Washington Football Team
Montez signed with the Washington Football Team as an undrafted free agent following the 2020 NFL Draft. He was waived on September 5, 2020 and signed to the practice squad the next day. Montez was elevated to the active roster on December 19 and December 26 for the team's weeks 15 and 16 games against the Seattle Seahawks and Carolina Panthers, and reverted to the practice squad after each game. He was signed to the active roster prior to the Week 17 game against the Philadelphia Eagles.

Montez was waived by Washington on August 31, 2021.

Detroit Lions
On September 2, 2021, Montez was signed to the Detroit Lions' practice squad.

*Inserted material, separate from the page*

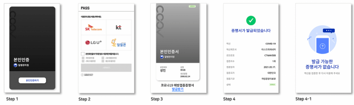 본인인증 카드의 본인 인증하기 버튼을 누르고 이용 중인 통신사 선택 후 휴대폰으로 본인 확인 과정을 진행을 합니다. 본인 인증 이후 코로나 19 예방 접종 증명서 발급받기 버튼을 눌러 줍니다. 질병관리청 데이터에 백신 접종 기록이 확인되는 경우 증명서가 발급되었습니다라는 화면이 나타납니다. 증명서가 바로 발급되지 않는 경우 백신 접종을 하지 않는 경우에는 발급 가능한 증명서가 없다는 화면이 나타납니다.

He signed a reserve/future contract with the Lions on January 10, 2022, but was waived on May 11, 2022. He re-signed to the Lions' practice squad on December 22.

Seattle Sea Dragons 
Montez was allocated to the Seattle Sea Dragons of the XFL on November 15, 2022, but re-signed to the Lions' practice squad in December 2022. He re-joined the Sea Dragons after his practice squad contract with the Lions expired.

Personal life
Montez's father, Alfred, played in the NFL with the Oakland Raiders in 1996 and was his quarterback coach at Del Valle. During his time at Colorado, Montez was a member of the Sigma Pi fraternity.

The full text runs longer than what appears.